Guest column by Donald Freed
The project that was to become the play Devil’s Advocate began with a telephone call from the legendary American director Robert Altman. Bob’s aim was to introduce me to the Academy Award-winning film producer Barry Spikings. They had been riveted by the United States invasion of Panama on Christmas Eve 1989. President George H.W. Bush had woven together a tissue of lies and provocations to justify bombing and occupying, temporarily, a sovereign nation, Panama, in order to make what appeared to be a drug bust.
The target of this cosmic sting was General Manuel Noriega, the Panamanian strongman who had worked for the Central Intelligence Agency since 1960. The General’s sin against Washington in the 1980s was to refuse the demands of the Ronald Reagan administration – that Panama allow itself to be used as a forward staging base for the so-called Contra forces in their U.S.-backed terror campaign against the Sandinista government of Nicaragua.

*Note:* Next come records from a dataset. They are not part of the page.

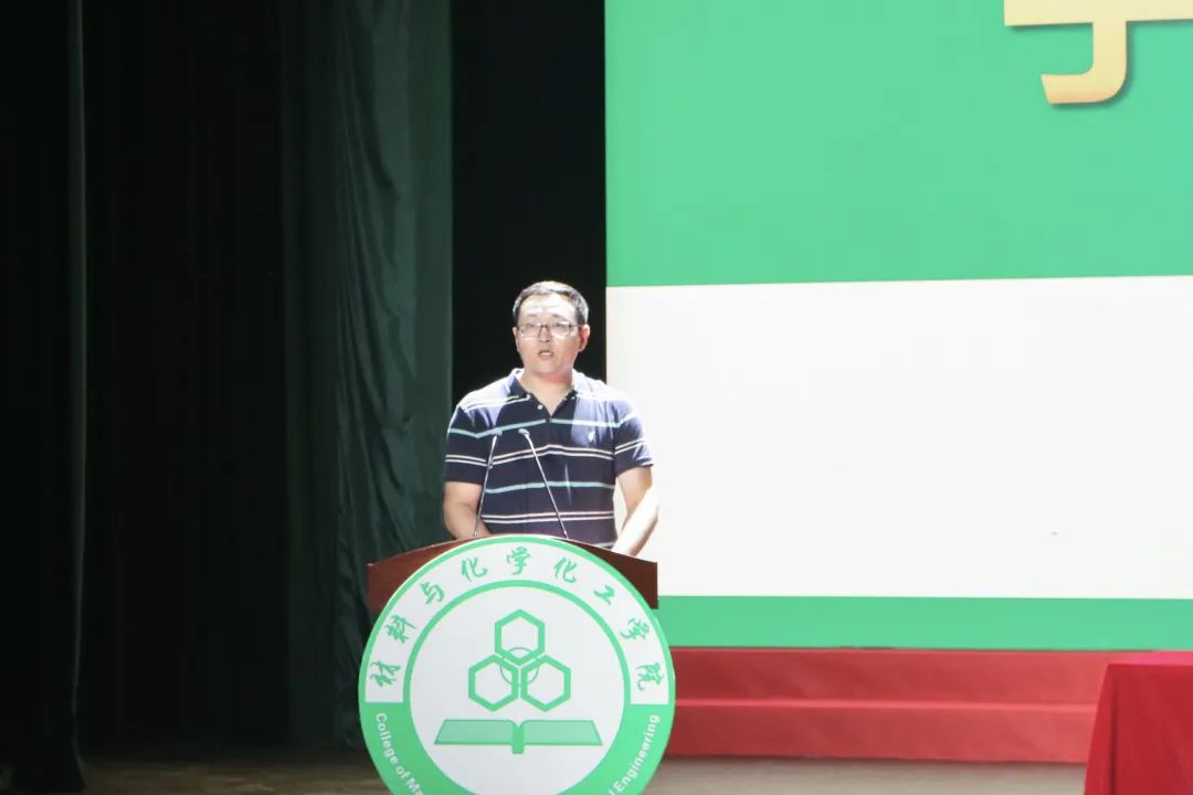 新生班主任代表于双江博士在讲话中代表全体班主任老师对新同学的到来表示欢迎,并对全体新生提出尽快适应新环境,学会新的学习方法;尽快明确奋斗目标,朝着目标前进;学会做人,学会适应,敢于面对全新的环境的期望,并表示班主任老师会一路陪伴在同学们身边,做大家成长路上的忠实伙伴。
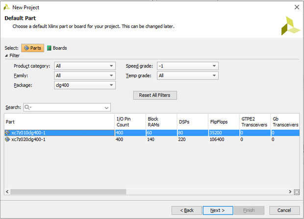 - Se crea un nuevo diseño con el hardware presente en el tablero (XC7Z010CLG400-1).
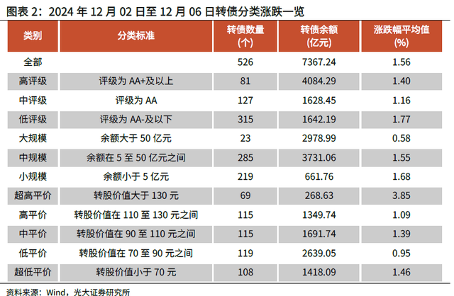 分转债规模看,大规模转债(债券余额大于50亿元)、中规模转债(余额在5至50亿元之间)、小规模转债(余额小于5亿元)本周涨跌幅分别为0.58%、1.55和1.68%,小规模券涨幅最多。
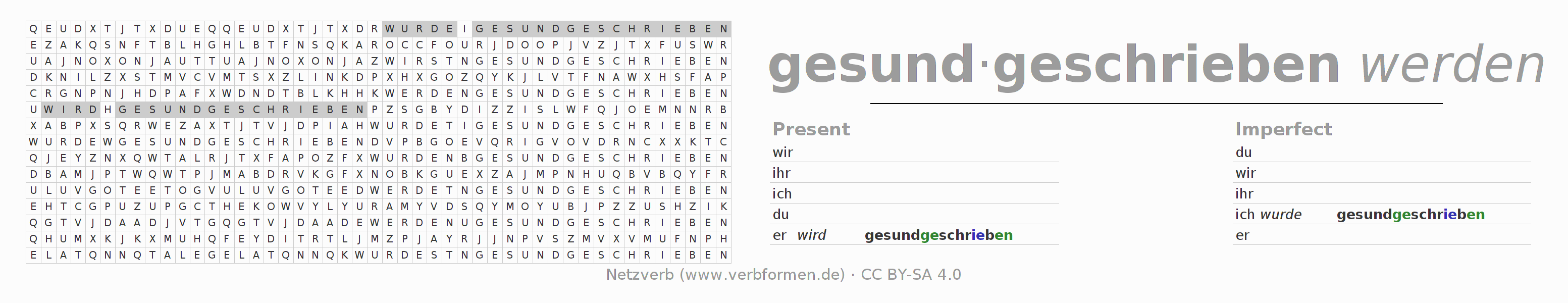 Word search puzzle for the conjugation of the German verb gesundschreiben
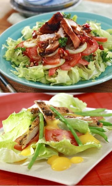 Susun bahan salad di atas piring saji. Beri irisan ayam.
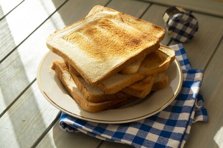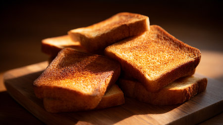 Golden brown toast slices stacked on a wooden board, morning breakfast

What Robert Altman and Barry Spikings wanted to discuss was how to dramatize, for stage and film, the suspenseful capture of the “Narco-tyrant” Noriega. The world knew the General had slipped in to the Vatican Embassy in Panama City, there to meet, he thought, secretly with a diplomat of the highest rank who would be representing the Vatican. This eminent personality was none other than the Archbishop LaBoa, who was – and these are his official titles – the Devil’s Advocate and the Grand Inquisitor. Believe it or not, these terms still exist in today’s Rome. Archbishop LaBoa, a famed Jesuit luminary, was the hunter whom Washington and Rome were counting on to entrap, capture and deliver Noriega to American authorities so that he might stand trial in Miami, not as a Head of State, but rather as a common drug thug.
We all agreed that this Dostoievskian cast of characters would provide a world-wide fascination if we could, somehow, invent and reconstruct what went on between the General and the Archbishop during that long night of the soul that ended with the tyrant meekly marching out of the Papal residence and into the official U.S. plane that would take him to Florida, trial and continuing incarceration.
What interested the three of us was what might be called the politics in the play, as over against the politics of the play. In the play versus of the play. The politics in the plot of the United States versus the drug lord Noriega was available to any reader of official or semi-official North American media: U.S. Special Forces using shock and awe bombing raids to trap the diabolical, mad dictator in the church residence and proceed to play rock ‘n roll at ear-splitting levels throughout the night, alternating with “psychological warfare” propaganda over an echoing P.A. system until the monster and former North American agent collapses and crawls into captivity. Thus, the myth of the great victory in Panama.
Those are the politics and the plot of the Washington scenario, known to all news readers and listeners of some 20 years ago. But plots and politics come and go from Athens to Elizabethan London to the adventures of the Reagan-Bush dynasty.
What endures, abides is the narrative of the protagonists in an historical event such as this. The narrative of the play and the politics of the play have to do with the human condition and the deep and secret conflicts of characters the size of the General and the Archbishop, the Devil’s Advocate and the Devil.
Over the years and down to this hour the endeavor has been to build on the facts of the plot a platform from which to launch the truth of the narrative. Only in America is the adjective “political” used to distinguish a serious anatomy of a major public event from the fiction of the official propaganda of the state. This is the price we pay for our failure of nerve during the witch-hunts of the 1950s.